EXERCISE INSTRUCTIONS: Return the listing exactly. Keep no pictures.

EXERCISE DATA:
○ ○ ○ ○ ○

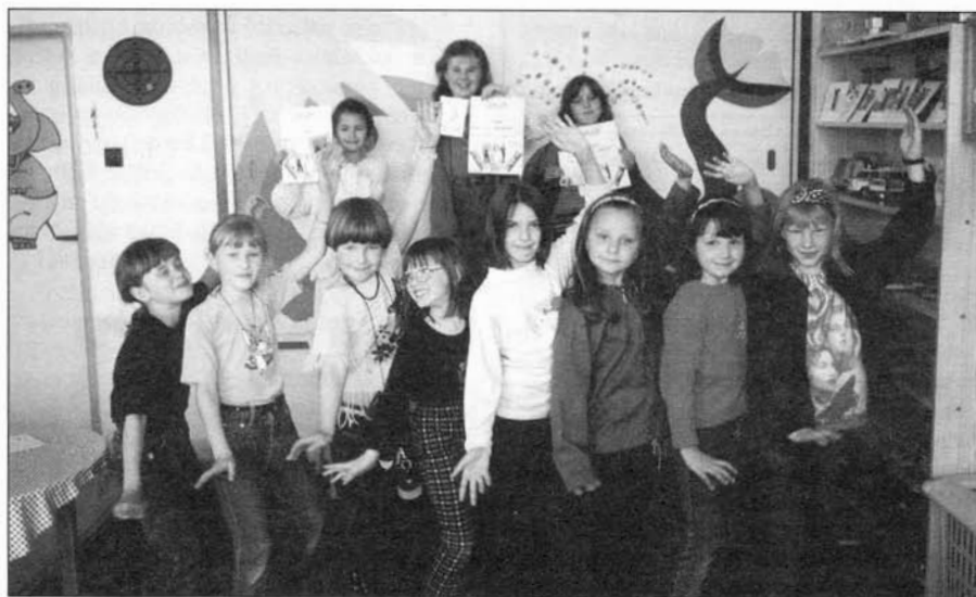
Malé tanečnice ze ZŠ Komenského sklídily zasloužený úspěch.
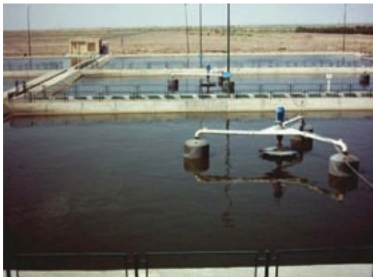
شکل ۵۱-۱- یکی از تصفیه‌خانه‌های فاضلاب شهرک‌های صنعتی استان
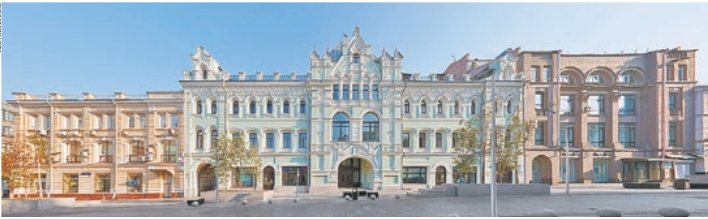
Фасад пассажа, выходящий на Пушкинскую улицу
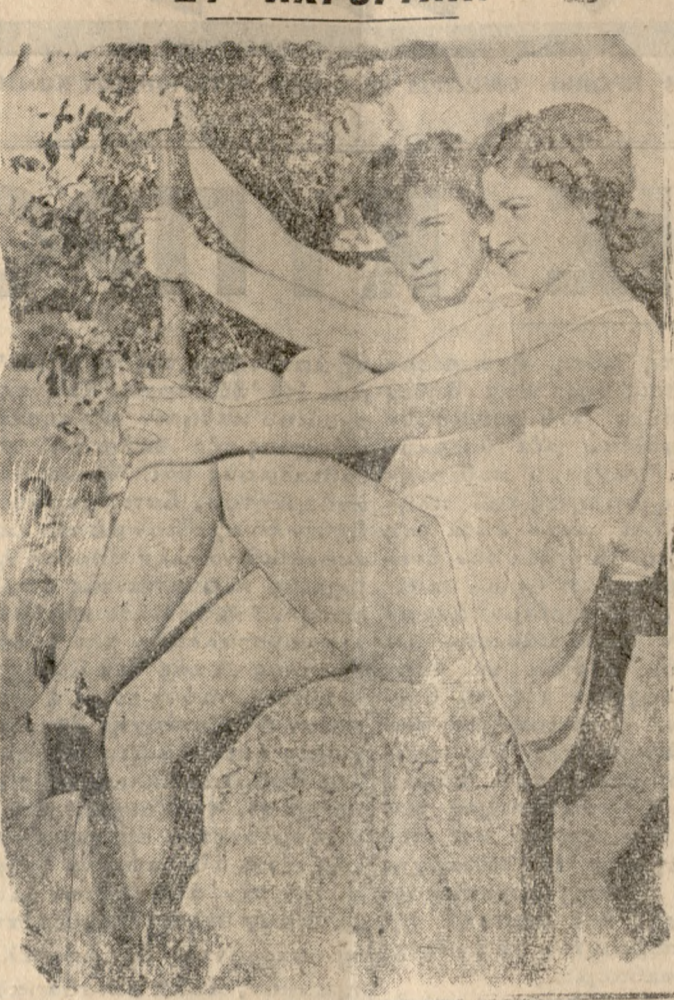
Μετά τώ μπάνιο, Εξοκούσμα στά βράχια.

○ ○ ○ ○ ○

RESPONSE AREA:
Malé tanečnice ze ZŠ Komenského sklídily zasloužený úspěch.
شکل ۵۱-۱- یکی از تصفیه‌خانه‌های فاضلاب شهرک‌های صنعتی استان
Фасад пассажа, выходящий на Пушкинскую улицу
Μετά τώ μπάνιο, Εξοκούσμα στά βράχια.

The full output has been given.